Uniquely, high school teachers and coaches were part of our group. A sociologist can research and write an article about why there was an abundance of young teachers in the 70s.(related to the Vietnam draft?) But in our school district, we had many young men. During the fall of 1975, when we started fifth grade, one of our teachers was absent for a stretch. Butch Elwell was in the National Guard Reserve and called into duty to help monitor the school desegregation happening in Boston. On the golf course, the varsity basketball coach and geometry teacher, John Jasinski, was a regular. Other days it was Pete Gallant, our varsity baseball coach and sixth-grade teacher. We got to see these men as something besides teachers, all being positive role-models for us.

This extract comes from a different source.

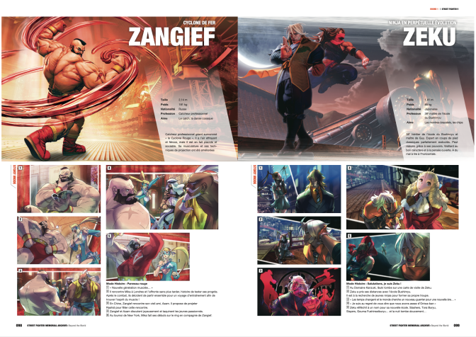Enfin, pour les fans du cinquième volet de la licence, beaucoup de contenu bonus a été ajouté à l’ouvrage. On peut ainsi retrouver des fiches personnages de tous ceux jouables, un organigramme très complet des relations qu’ils entretiennent, ainsi que le détail des tenues spéciales de Chun-Li, crées par Akiman lui-même. Quelque trente pages sont dédiées au guide des personnages de l’Institut de recherche sur le combat de Shadaloo, listant l’intégralité des combattant apparus dans l’ensemble des jeux.

In June, 1983, we graduated, Howard and I going in different directions. You don’t really understand the gravity of it at the time. But things just really change. Especially back then, an age without social media. Howard ventured west to Western New England College to prepare for a career in accounting. I went east to Brandeis for a semester, then north to Bates. It would be a long time before we golfed again.
On that cold, January night, Howard and I texted about golf, but also the fact that we would be turning sixty the following year. One of us wrote, “Let's do some kind of celebratory golf event.” By the end of the exchange, we had a plan. Eighteen golf courses along Route 2, the road that joined Baldwinville with the rest of civilization. We could go from Taconic in Williamstown, on the New York border, to Red Tail, located in Devens, near Rte 495. That idea evolved to: eighteen courses we want to play. And we need to finish before Nov 22, 2025, the date Howard becomes sixty.
As the idea progressed, we came up with the title of “Gimme Three Putts World Tour.” When we were in high school, Southern rock was popular with some, and a few of our classmates had a garage band that played a lot of Lynard Skynard. They actually got the high school administration to let them play a concert one Friday afternoon. During school. Instead of going to class, we headed to the auditorium to watch these dudes bang out Sweet Home Alabama and most importantly, Gimme Three Steps. Over the next few years, Howard and I would chuckle about this in-school “concert.” Not long after said concert, we were on the course and someone three-putted, causing him (I think it was Aaron) to sarcastically sing out, “gimme three putts, gimme three putts mister,” mimicking the tune and making fun of himself. It is only logical that our golf moniker should take after something campy from high school. It’s those years we are trying to get back.
It would seem that this part of the essay is where I start going spiritual. I won’t. Golf as an metaphor is not unique in the world of older guys. Trips happen all the time. Google “golf trip to Scotland” and the number of agencies that will plan your venture number in double digits. The one thing our plan had going for it - it would bring us back together after raising children and establish careers in different parts of New England. Better late than never.
As of this writing, in the winter of 2025, we are eight courses into this ride. Both of us are having a heck of a time. For 2025, we have a Myrtle Beach trip planned, along with other surprises, including the (yet-to-be-determined) culminating event.
Cue the guitar riff - Gimme Three Putts!!